Objective: To examine the short-term efficacy of methylphenidate in the treatment of youths with bipolar disorder (BD) and comorbid attention deficit/hyperactivity disorder (ADHD).
Method: A 4-week double-blind, placebo-controlled trial in youths ages 5 to 17 years was conducted. Subjects met DSM-IV criteria for bipolar disorder and ADHD, were currently receiving a stable dose of at least one thymoleptic, and while euthymic continued to have clinically significant symptoms of ADHD. Patients received 1 week each of placebo, methylphenidate 5 mg twice daily, methylphenidate 10 mg twice daily, and methylphenidate 15 mg twice daily using a crossover design. Subjects were randomly assigned to receive one of six possible dosing orders. At study's end, and before the blind being broken, a "best dose week" for each subject was determined. The primary outcome measure was the total score on the parent-completed ADHD Rating Scale-IV.
Results: Sixteen patients, with a mean age of 10.43 (SD 3.14) years completed the trial.

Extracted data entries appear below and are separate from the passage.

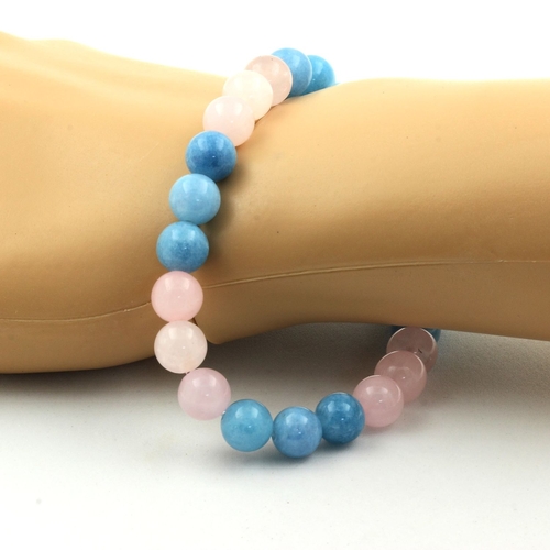 Blue Chalcedony + Rose Quartz Bracelet 8 mm Beads.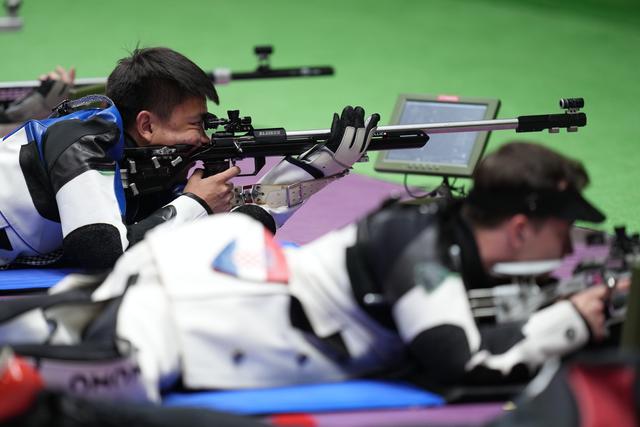新华社照片,东京,2021年8月2日 (东京奥运会)(4)射击——男子50米步枪三姿决赛:中国选手张常鸿夺冠 8月2日,中国选手张常鸿在比赛中。 当日,在东京奥运会射击男子50米步枪三姿决赛中,中国选手张常鸿夺冠。 新华社记者 鞠焕宗 摄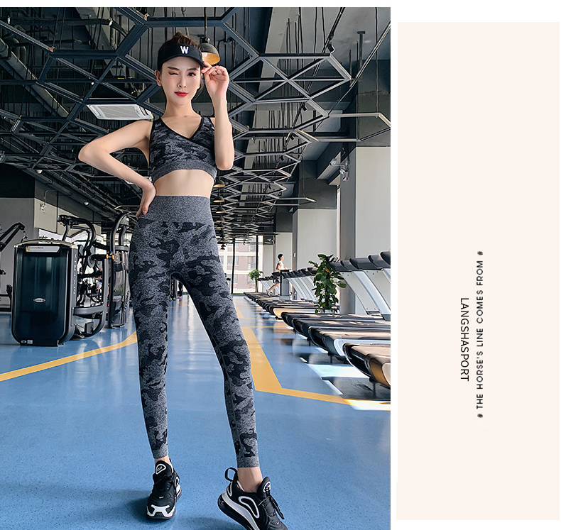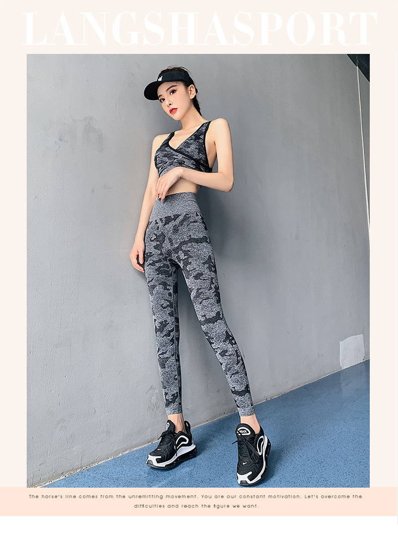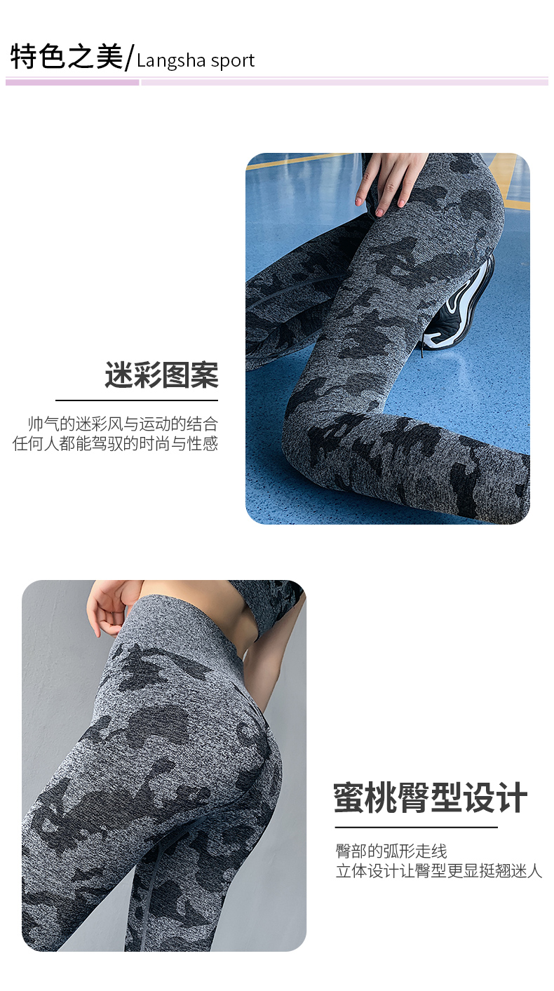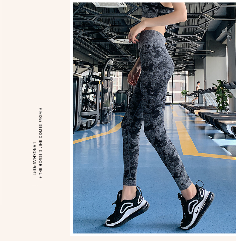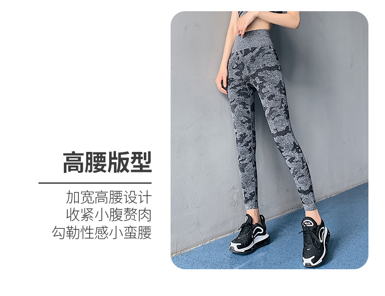 浪莎高腰健身褲女彈力緊身套裝提臀迷彩速干跑步運(yùn)動(dòng)收腹瑜伽褲

Lower scores during best dose treatment compared to the week of placebo treatment were found on the ADHD Rating Scale-IV (p < .05), suggesting a therapeutic benefit. A large effect size (Cohen's d = 0.90) was found for methylphenidate. Treatment was generally well tolerated.
Conclusions: Euthymic youths with bipolar disorder and ADHD may benefit from short-term concomitant treatment with methylphenidate.